*** SUPPLIED RECORDS Section Begins ***
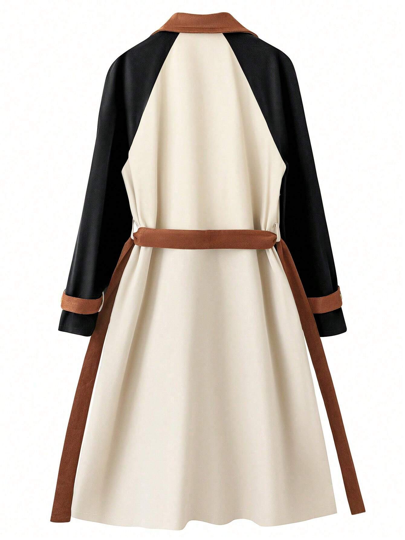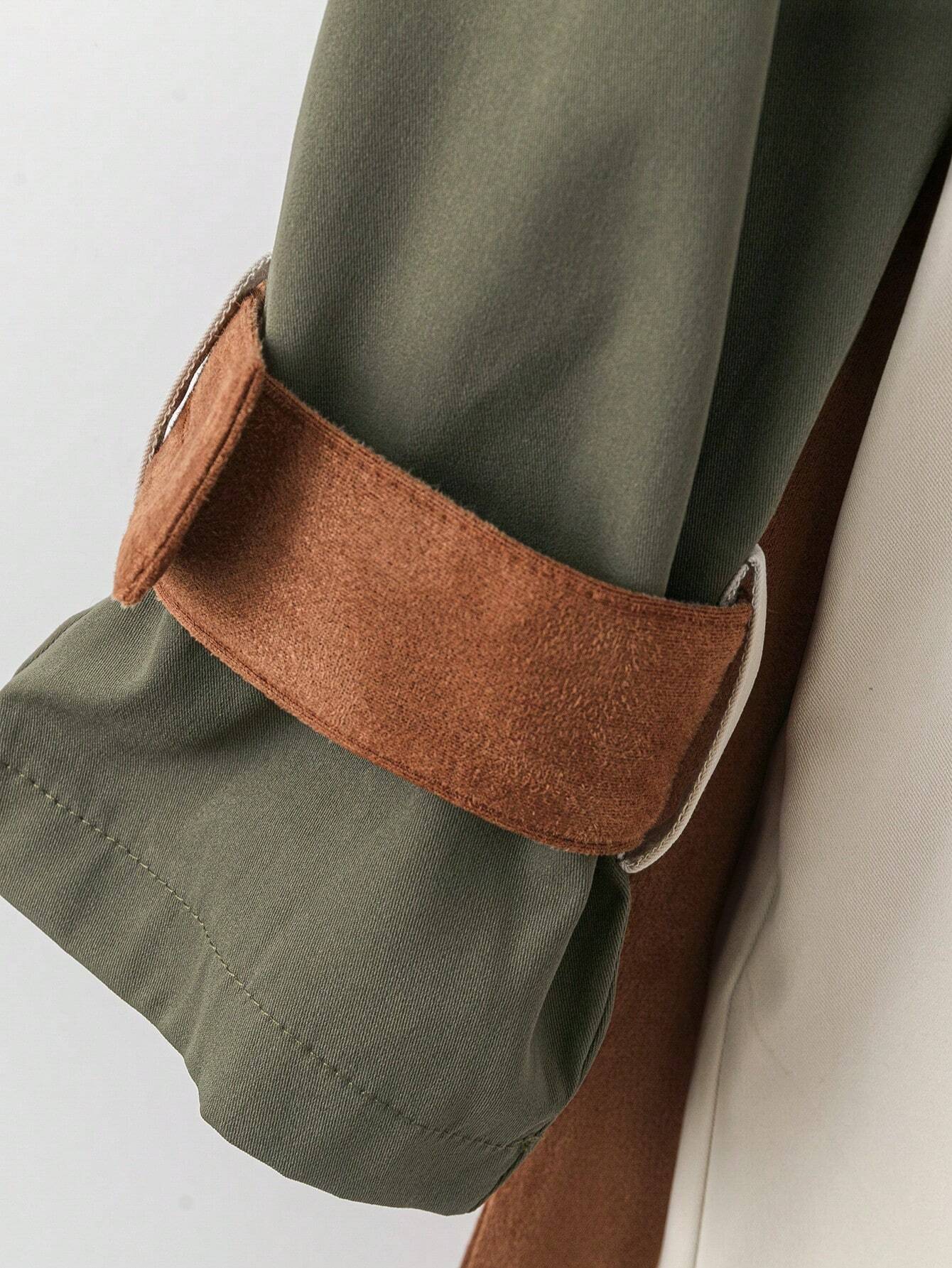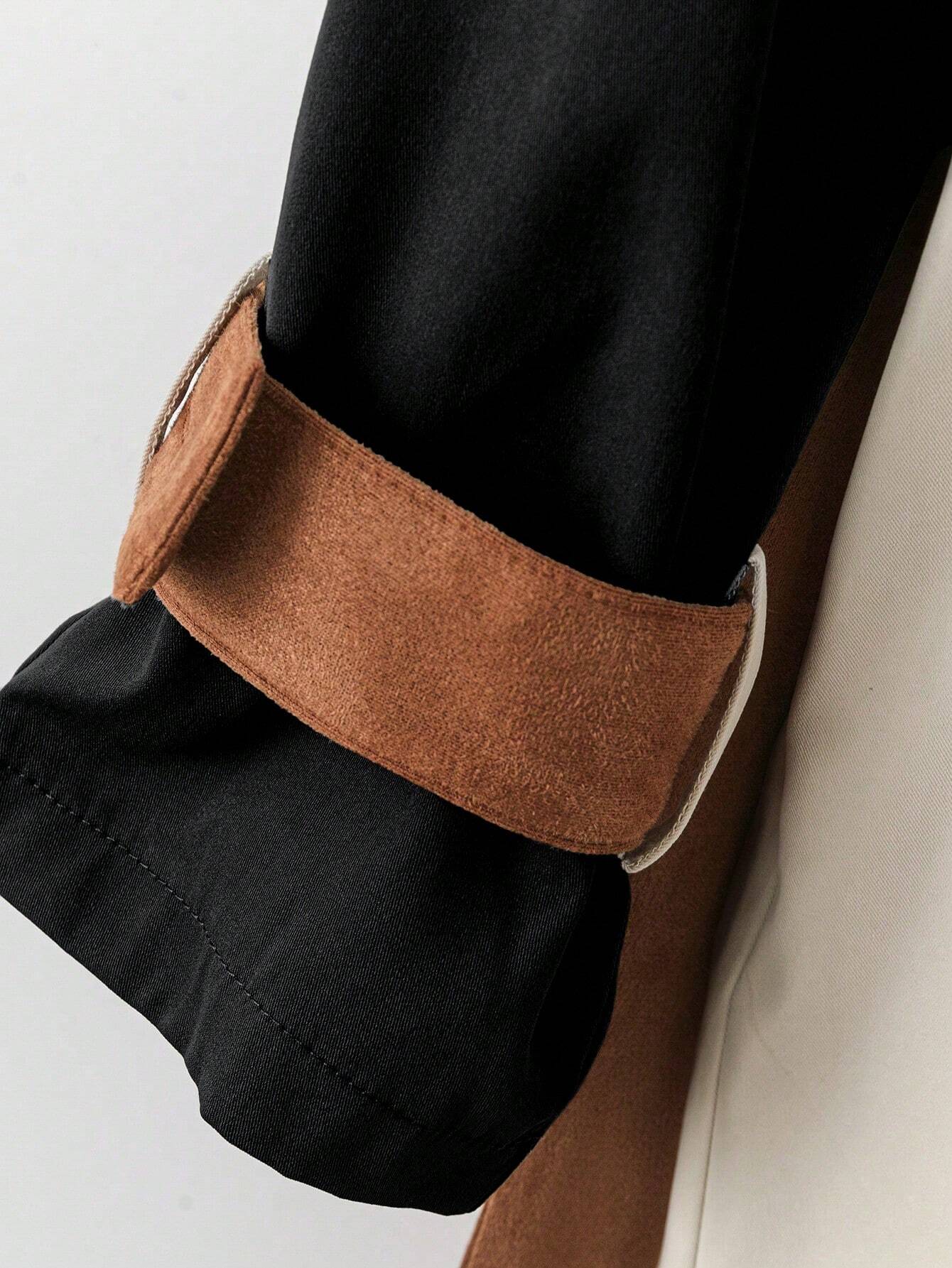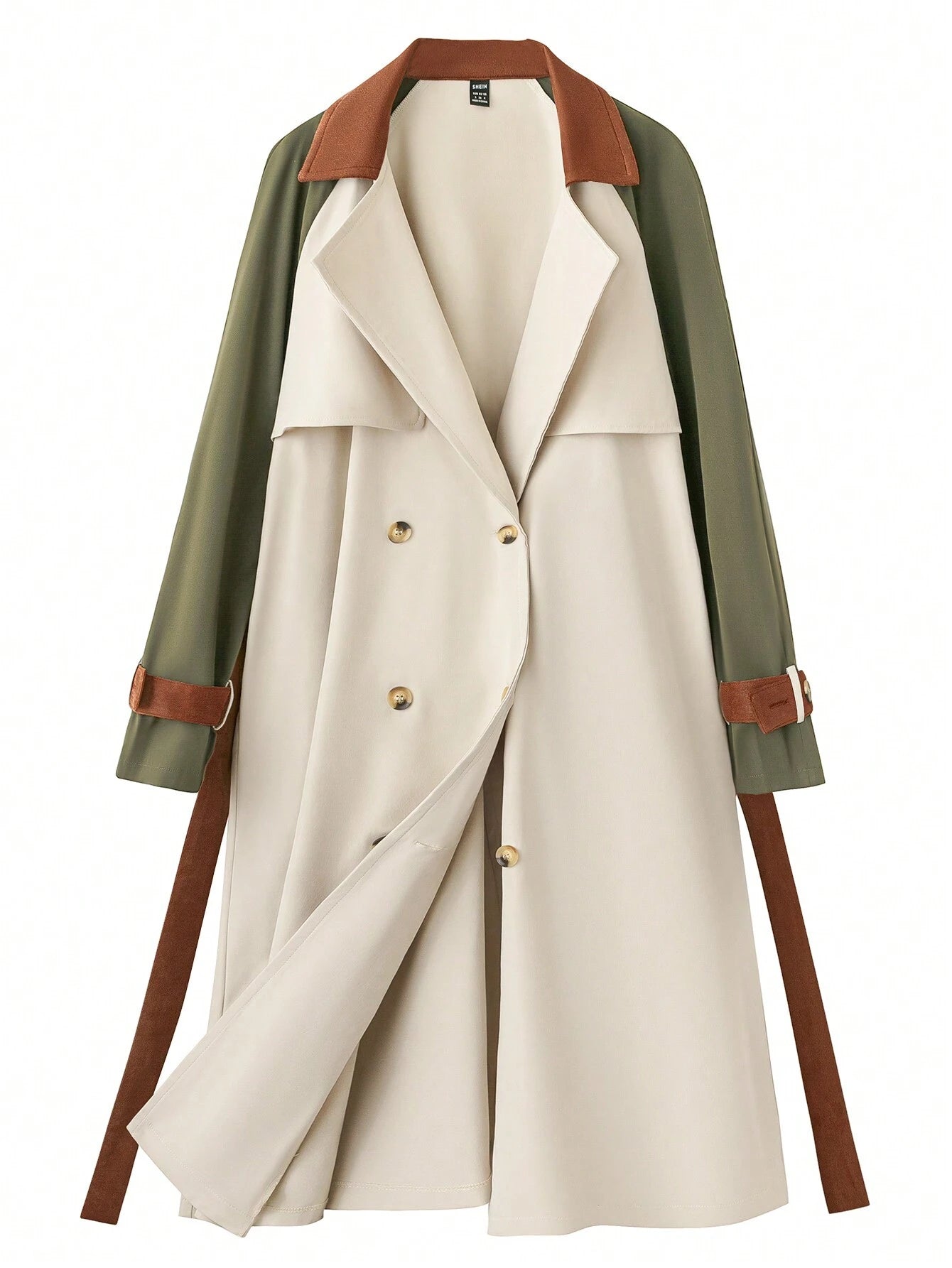Women's Solid Color Patchwork Front Button Casual Long Sleeve Trench Coat
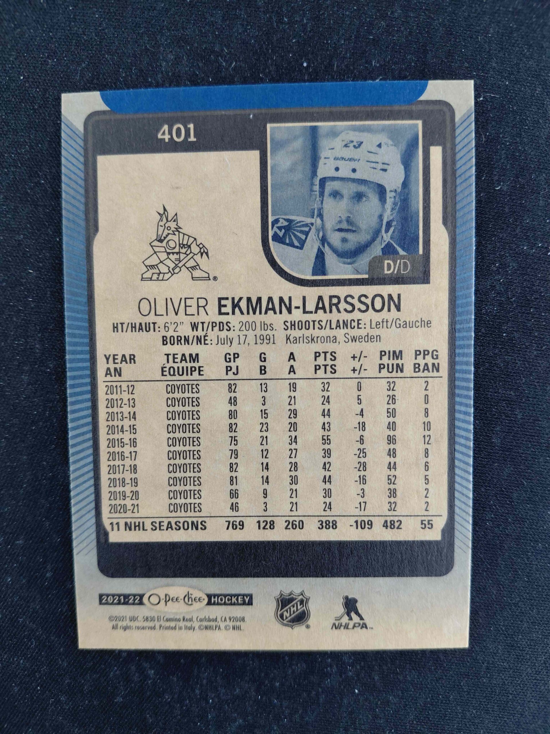 Sběratelská karta 2021/2022 Upper Deck O-Pee-Chee Blue Border 401 Oliver Ekman-Larsson Paralel
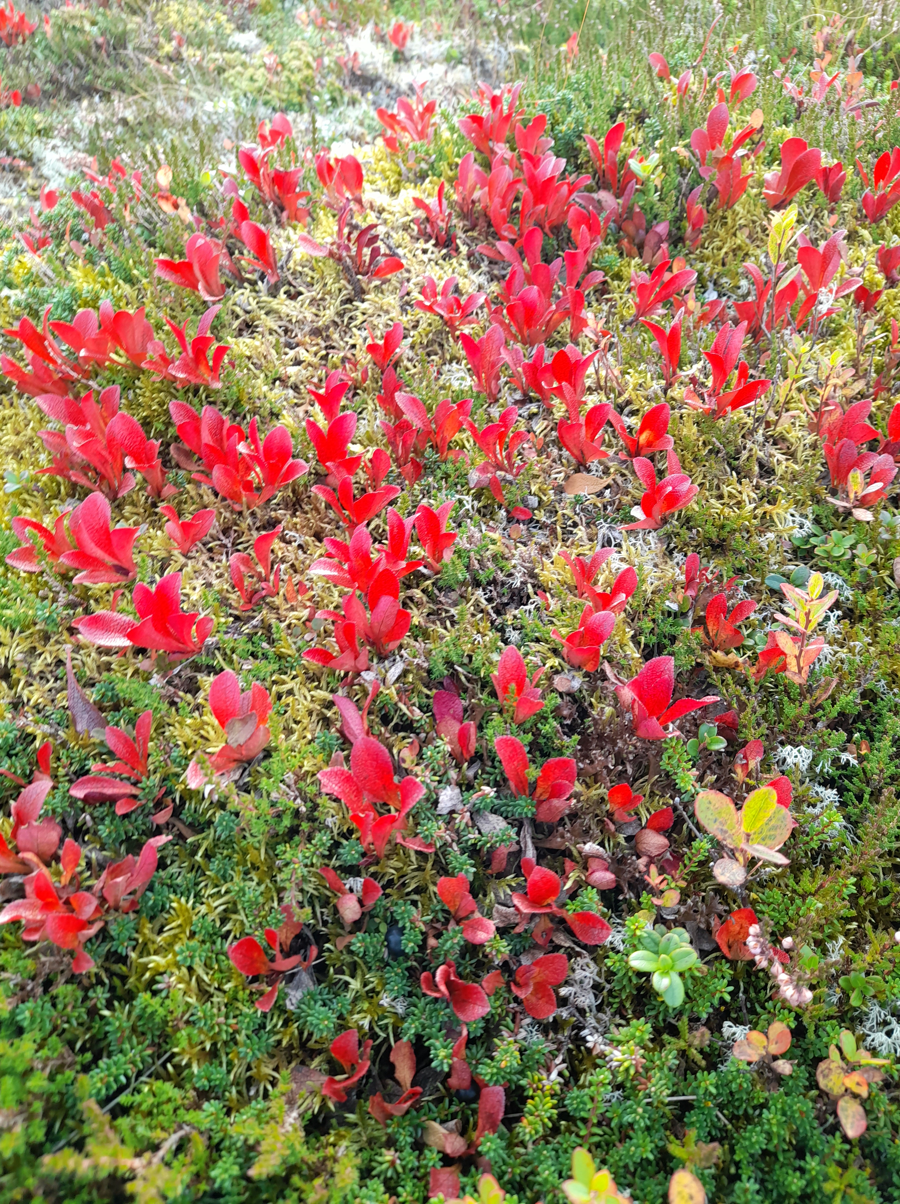 Rypebær på ein forblesen fjellrygg.
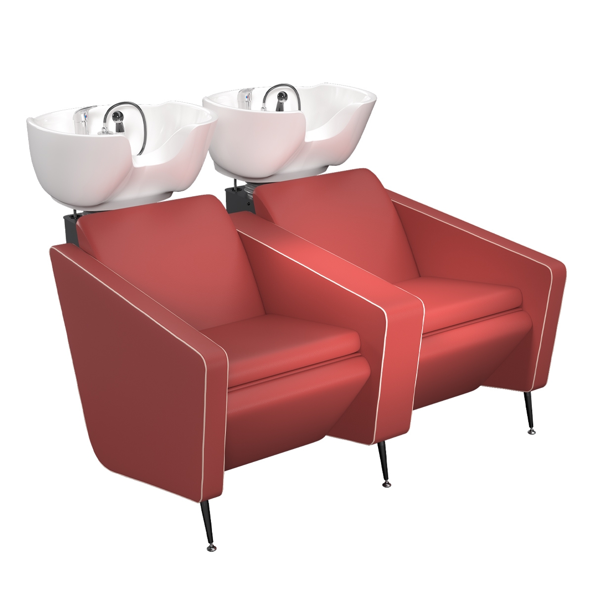 Мойка парикмахерская - двухместная. Мойка оснащена металлическим каркасом черного цвета, мягкими и комфортными подлокотниками, ножками из полированного алюминия. Мойка комплектуется глубокими керамическими раковинами с регулировкой угла наклона и комплектом смесителя. Обивка - искусственная кожа высшего качества.
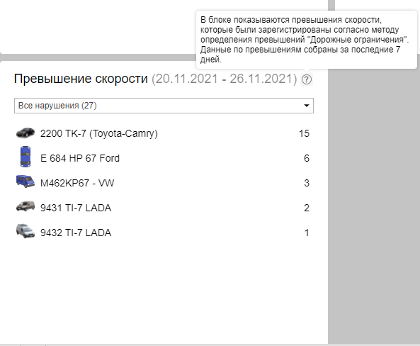 - В блоке "Превышения скорости" показаны нарушения, которые были зарегистрированы согласно методу определения превышений "Дорожные знаки" (Файл#3). Добавьте возможность выбора метода, как это реализовано в свойствах объекта во вкладке "Дополнительно"(Файл #4).
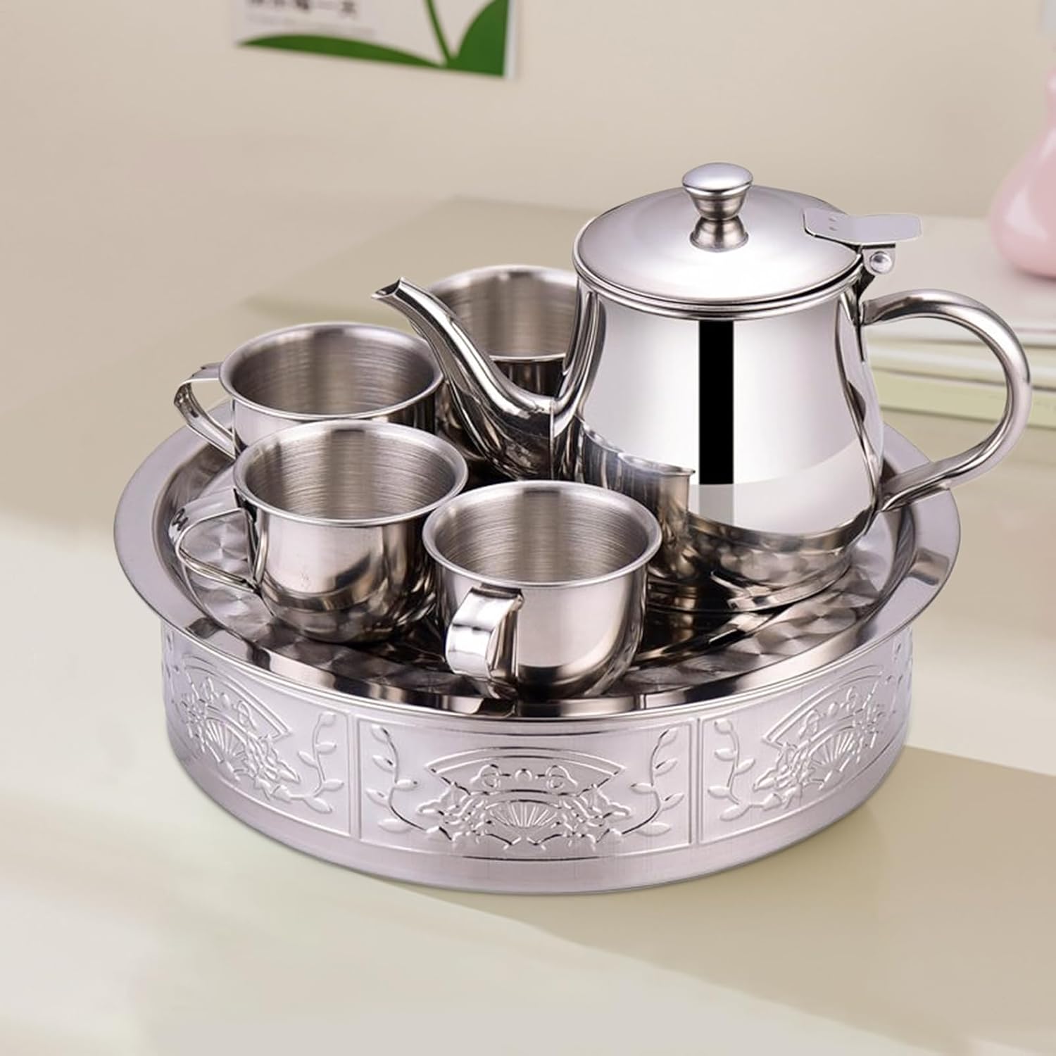 Struttura affidabile in acciaio inossidabile: progettato con acciaio inossidabile 304, questo set da tè combina resistenza alla ruggine, resistenza duratura e sicurezza affidabile, rendendolo adatto per famiglie impegnate che cercano utensili da cucina affidabili Migliore chiarezza del tè: dotato di un filtro a maglia fine che intrappola efficacemente particelle di tè e macchie, offrendo una bevanda liscia e migliorando il piacere del tè senza sforzo Design portatile e affidabile: presenta un design portatile adatto per ambienti interni ed esterni, fornendo mobilità senza sforzo insieme a un particolare vassoio per organizzare la teiera e le tazze in modo sicuro durante i viaggi o le riunioni Divertente strumento di apprendimento: progettato per i bambini con un set da tè ergonomico a misura di bambino che incoraggia l'interazione sociale sostenendo lo sviluppo di abilità motorie indispensabili in modo divertente Esperienza educativa del tè: questo set da tè in acciaio inossidabile stimola la creatività incoraggiando il gioco fantasioso, rendendolo uno strumento educativo e giocoso adatto che coltiva la consapevolezza dell'etichetta nei bambini durante gli allenamenti interattivi dell'ora del tè
*** SUPPLIED RECORDS Section Ends ***
• **ACTIVITY**
Could the entries above be restated word for word, with the pictures left out?

• **COMPLETED TASK**
Women's Solid Color Patchwork Front Button Casual Long Sleeve Trench Coat
 Sběratelská karta 2021/2022 Upper Deck O-Pee-Chee Blue Border 401 Oliver Ekman-Larsson Paralel
 Rypebær på ein forblesen fjellrygg.
 Мойка парикмахерская - двухместная. Мойка оснащена металлическим каркасом черного цвета, мягкими и комфортными подлокотниками, ножками из полированного алюминия. Мойка комплектуется глубокими керамическими раковинами с регулировкой угла наклона и комплектом смесителя. Обивка - искусственная кожа высшего качества.
 - В блоке "Превышения скорости" показаны нарушения, которые были зарегистрированы согласно методу определения превышений "Дорожные знаки" (Файл#3). Добавьте возможность выбора метода, как это реализовано в свойствах объекта во вкладке "Дополнительно"(Файл #4).
 Struttura affidabile in acciaio inossidabile: progettato con acciaio inossidabile 304, questo set da tè combina resistenza alla ruggine, resistenza duratura e sicurezza affidabile, rendendolo adatto per famiglie impegnate che cercano utensili da cucina affidabili Migliore chiarezza del tè: dotato di un filtro a maglia fine che intrappola efficacemente particelle di tè e macchie, offrendo una bevanda liscia e migliorando il piacere del tè senza sforzo Design portatile e affidabile: presenta un design portatile adatto per ambienti interni ed esterni, fornendo mobilità senza sforzo insieme a un particolare vassoio per organizzare la teiera e le tazze in modo sicuro durante i viaggi o le riunioni Divertente strumento di apprendimento: progettato per i bambini con un set da tè ergonomico a misura di bambino che incoraggia l'interazione sociale sostenendo lo sviluppo di abilità motorie indispensabili in modo divertente Esperienza educativa del tè: questo set da tè in acciaio inossidabile stimola la creatività incoraggiando il gioco fantasioso, rendendolo uno strumento educativo e giocoso adatto che coltiva la consapevolezza dell'etichetta nei bambini durante gli allenamenti interattivi dell'ora del tè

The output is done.